Now I understand why Avery Archer has all the sudden become so prominent, because he is modern literature. In the very first sentence you have Avery Archer with attitudes of agnostics. It’s no longer about knowledge, evidence, belief, it’s questioning attitude. I guess you dislike Jane Friedman since you didn’t endorse her question-directed attitude model for agnosticism that Archer was trying to refute. Either way, undue weight to one modern researchers endeavors with agnosticism is now your lead over decades of common usage.
You have many errors. Of course agnosticism is not restricted to theology. Huxley described it as a method or principle. If you would have simply explained agnosticism as Huxley introduced it, then the reader could have been introduced to it as well.
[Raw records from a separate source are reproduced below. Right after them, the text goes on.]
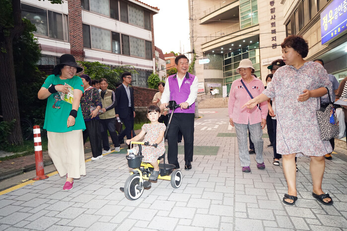 이날 이 구청장은 주민들과 함께 밤거리를 걸으며 안전에 대한 의견을 듣고 폐쇄회로(CC)TV 확충, 자율방범대 활성화를 통해 ‘안전하고 든든한 동네’를 조성하겠다고 답했다.
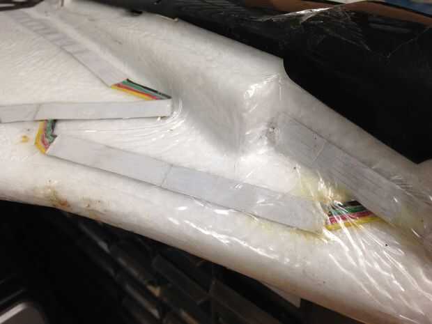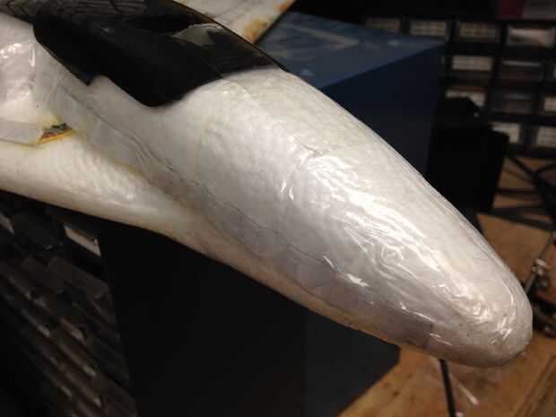 usé un laminado claro documento llamado Doculam para mantener todo en su lugar después de la grabación. Se trata de buena capa protectora resistente que envuelve a los contornos bien. Se aplica con una plancha de calentamiento. Si te fijas bien puedes ver la "luz de maíz", apuntando a las aletas de la cola de la zona central. También hay dos luces de maíz rojo en la espalda para ver como después de quemadores.
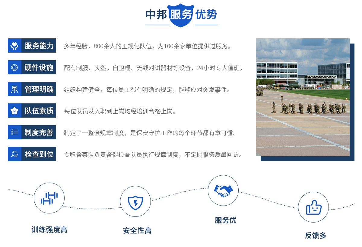 中邦服務(wù)簡(jiǎn)介 安徽中邦保安服務(wù)有限公司總公司成立于2019年。公司 成立以來,始終以“文明值勤、優(yōu)良服務(wù)、客戶至上、安全為先” 為宗旨,以保一方平安為已任,面向社會(huì)各界等提供有償保安護(hù) 衛(wèi)、技術(shù)防范、保安培訓(xùn),是一家專業(yè)化保安服務(wù)公司。目前, 公司下為200多家客戶單位提供周到安全的保安服務(wù),遍布全省 及周邊地區(qū),現(xiàn)有各類專業(yè)人員和保安員2000余名。 中邦服務(wù)宗旨 安徽中邦保安服務(wù)有限公司是為適...

You refer to agnosticism as a theory when that is not a common reference. You have strange claims like agnosticism rejects knowledge is obtainable, that absence of evidence leaves disbelief when this is a confusion of what evidence of absence means. Agnosticism is a lifestyle that resembles atheism? You have this in the lead. You even throw in an agnostic theist, which is from George Smith and his rejection of agnosticism as a third alternative. You make no mention of this to the reader. No where do you elaborate how Huxley defined agnosticism and then atheists, like George Smith didn’t like agnosticism as a third alternative, so he developed a different interpretation. You actually have George Smith’s interpretation before mentioning Huxley. You offer zero description of Huxley’s contribution to the very topic he started.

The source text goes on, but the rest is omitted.